Era uma vez uma família de coelhos. Uma família que se amava muito. Mamãe e papai tiveram
uma ninhada com quatro lindos coelhinhos. A família não poderia estar mais feliz. Mas havia algo
diferente, o quarto coelhinho, aquele que saiu por último da barriga da mamãe, era muito
pequenininho. Mamãe e papai coelho acharam um pouco estranho, três coelhos graúdos e um tão
pequetitico. O tempo foi passando e os filhotinhos crescendo.

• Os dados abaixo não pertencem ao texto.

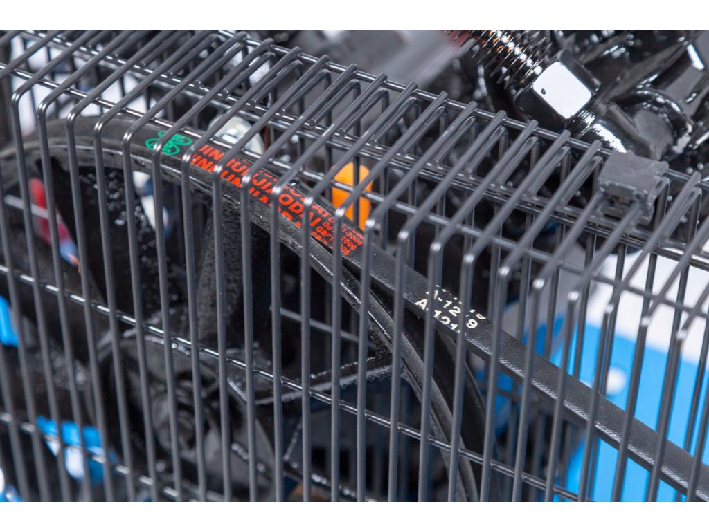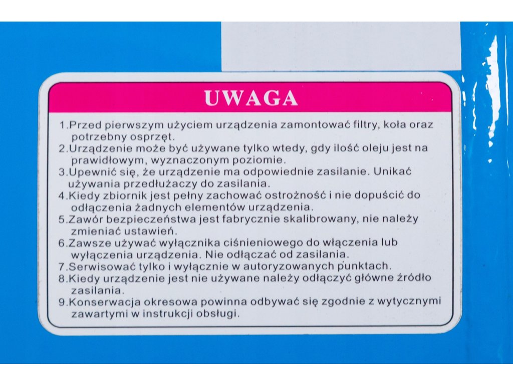 Kompresor wyposażony został w kółka oraz metalowe uchwyty. Takie oprzyrządowanie znacząco ułatwia przemieszczanie urządzenia oraz odpowiednie jego ustawienie w miejscu pracy.
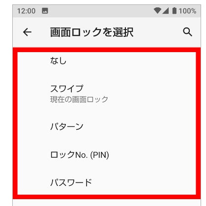 Step2:次に「セキュリティ」へ進み「画面ロック」を選択。
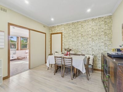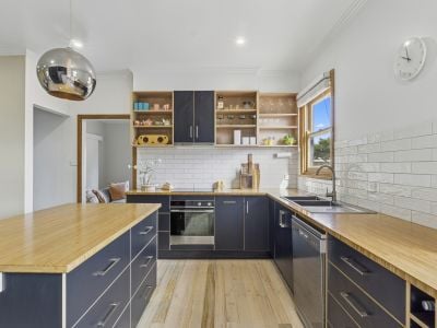 Step inside and be welcomed by the warmth of timber floors throughout, and a cozy wood fireplace in the living room – perfect for those cooler nights. The heart of the home is the open kitchen and dining area, where you'll find ample bench space and plenty of room for family meals and entertaining. The striking blue cabinetry with timber benchtops and wallpaper adorning the dining room wall are both unique and charming.
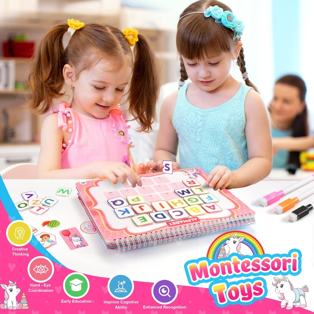 Features: NEWEST VERSIONMY UNICORN BUSY BOOK is the newest version of the busy book.Engaging illustrations, vivid velcro and fantastic doodle pages are some of the different elements that always attract children to learn new things. SUPER THEME BUNDLEWith 30 pages of high quality content, the busy book has a wide variety of learning topics and covers a wide range of knowledge.Not only can children learn about numbers, letters, colours and other knowledge represented in patterns, but they can also write and express themselves as they wish on the doodle pages. EDUCATIONAL TOYSThe bright colours of the busy book entice children to get their hands on it and complete it.This process will help to improve children's hand-eye coordination, creativity and imagination. SAFETY DESIGNThe material of the busy book is non-toxic and harmless, and the rounded corners are designed for the safety of children at all times.We have also included a storage bag for easy storage of the book and Velcro. IDEAL GIFTThe newest edition of the busy book has a very wide range of themes, vibrant colours and beautiful packaging.This would be a very good choice as a gift or toy for a child.Parents can build stronger bonds of communication with their children together.
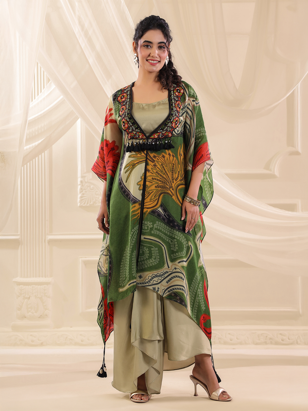 Green Georgette Silk Kaftan Style Indo Western Suit
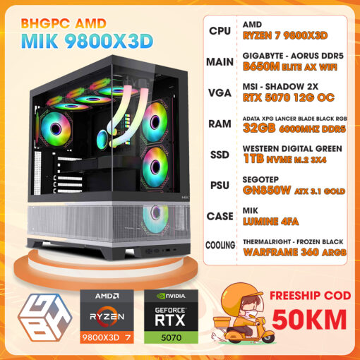 Hãy là người đầu tiên nhận xét “BHGPC AMD RYZEN 7 9800X3D / B650M WiFi / RTX 5070 12GB / 32GB DDR5 / 1TB”
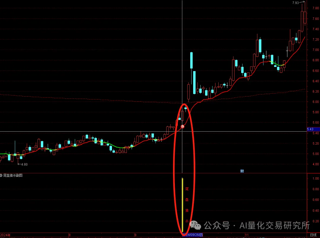 DRAWTEXT(尾盘绝杀,0.8,’ 尾’),COLORRED;

Corriam, brincavam, brigavam, como todo irmão faz, e o mais novo, apesar de ter crescido um
pouco, não acompanhava o crescimento dos demais.
Isso fez com os que seus irmãos o chamassem carinhosamente de Pé de Coelho. O que, às vezes,
não era tão carinhoso assim. Era um apelido carinhoso por ele ser um coelho e ser tão pequenino e
amado, e o pé de coelho ser considerado um pequeno amuleto da sorte pelos humanos. Porém, a
família tinha algumas histórias não tão agradáveis assim. Na verdade, o tataravô, o bisavô e o avô
dos coelhinhos haviam virado, realmente, apenas pés de coelhos, por que em uma de suas aventuras
lá fora, no bosque, algum humano os havia capturado, e os transformado em apenas um amuleto para
ser vendido em forma de chaveiro na feira de antiguidades.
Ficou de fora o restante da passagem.